Our research group is dedicated to advancing intelligent building systems through the integration of reinforcement learning (RL), deep learning, semantic ontologies, and IoT-enabled data infrastructures. Our work spans across energy-efficient HVAC control, real-time environmental sensing, metadata-driven semantic modeling, and automated waste classification – pushing the boundaries of sustainable and adaptive smart infrastructure.

 

     

Reinforcement Learning for Smart HVAC Systems

Deep Reinforcement Learning (DRL) techniques have been extensively researched to optimise the way HVAC systems operate. The control strategies we developed aim to balance thermal comfort, energy consumption and indoor air quality (IAQ) under varying weather conditions and user density.

– Multistage HVAC and Fan Control: Working on a DRL architecture where air conditioning systems and window-mounted industrial fans are optimised together, with a DRL architecture.

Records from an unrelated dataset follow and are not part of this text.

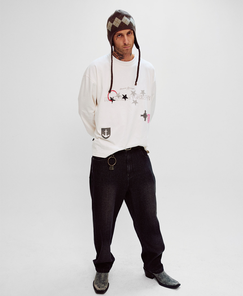 [CONTENT] Cotton 100% * MEASUREMENT MAY VARY +/-5% * COLOR MAY DIFFER DEPENDS ON THE LIGHT AND SCREEN CONDITION [DETAIL] • YARN-DYED FABRIC (DYED IN THE YARN STATE BEFORE KNITTING) FOR A SOFTER TOUCH THAN PIGMENT FABRIC • DOUBLE STITCHING AT HEM • INSANE GARAGE ORIGINAL SEASON GRAPHICS ON FRONT AND BACK • BOUND NECKLINE STITCHING FOR A MORE STRUCTURED FIT WITH DISTRESSED DETAILS FOR A VINTAGE LOOK • SLIGHTLY CROPPED LENGTH [CARE] -케어라벨 참고
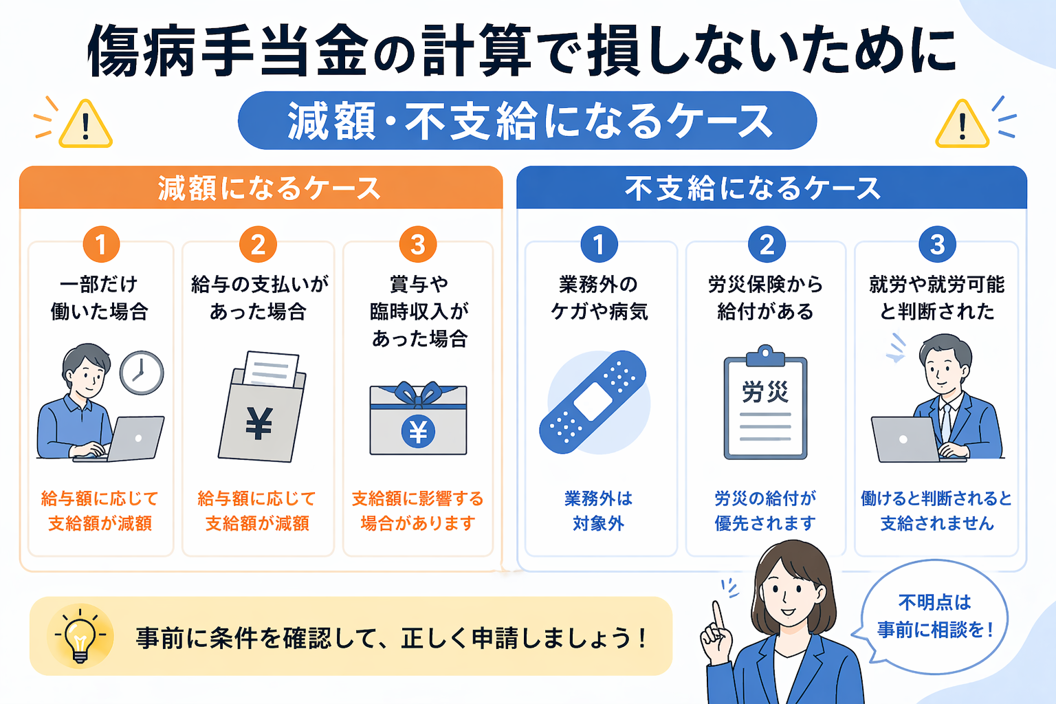 傷病手当金の計算で損しないために|減額・不支給になるケース
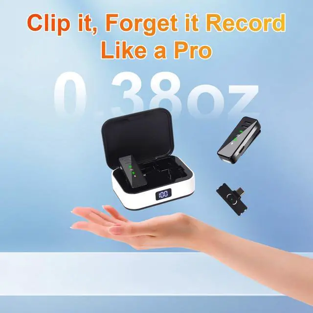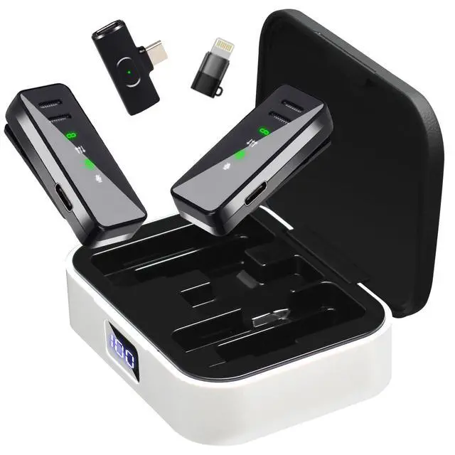 Elevate your audio recording experience with this wireless lavalier microphone, designed for seamless compatibility with iPhone, iPad, and Android devices. The clip-on lapel mic features three distinct noise reduction modes to capture crystal-clear sound in various environments. Perfect for content creators, the microphone comes with a convenient USB-C charging case for extended use. Whether you're live streaming, recording videos, conducting interviews, or participating in virtual meetings, this versatile microphone delivers professional-quality audio. The compact and lightweight design makes it easy to carry and attach to clothing, while the wireless functionality gives you freedom of movement during recording sessions. The intuitive controls and straightforward setup process ensure you can start recording high-quality audio right away, making it an essential tool for vloggers, educators, and professionals alike.

– Algorithmic Advances: Algorithms such as DQN, PPO and SAC are being tested in the Sinergym-EnergyPlus simulation environment to improve system accuracy and reliability.

Transfer Learning & Meta-RL for Cross-Environment HVAC Adaptation

Transfer from simulation to the real environment is a common challenge. The Model-Agnostic Meta-Augmentative Meta-Reinforcement Learning (MAML-RL) framework attempts to enable rapid climate adaptation to different climatic conditions.

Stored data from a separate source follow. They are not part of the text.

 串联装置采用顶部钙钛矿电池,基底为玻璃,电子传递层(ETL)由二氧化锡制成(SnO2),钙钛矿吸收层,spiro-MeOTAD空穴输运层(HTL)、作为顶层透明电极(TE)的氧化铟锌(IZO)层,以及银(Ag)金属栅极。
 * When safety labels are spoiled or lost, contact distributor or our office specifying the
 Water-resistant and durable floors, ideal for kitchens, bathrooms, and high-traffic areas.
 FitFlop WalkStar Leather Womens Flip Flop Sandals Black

Smart Buildings And Machine Learnings

Smart homes are environments where devices and systems interact with each other, enhancing user experience and quality of life.
Machine learning plays a critical role in analysing data and making predictions in these environments. Most machine learning models are trained on raw data, and this is also true for prediction algorithms used in IoT.
This means that we will lose information about the relationships between devices.

Accelerated DRL Training via LSTM-Based Surrogate Simulation

To tackle the slow training cycles imposed by physics-based simulators like EnergyPlus, we introduced an LSTM-based surrogate simulator. It enables scalable experimentation and prototyping, achieving up to 57.6% reduction in RL training time.

Semantic Interoperability through Ontology-Driven Metadata Integration

By developing a pipeline that generates RDF knowledge graphs from EnergyPlus outputs, we have enabled semantic modelling compatible with SAREF. This structure makes CO2 levels, occupant presence and HVAC decisions semantically queryable. And it turns the relationship between parameters into mathematical data.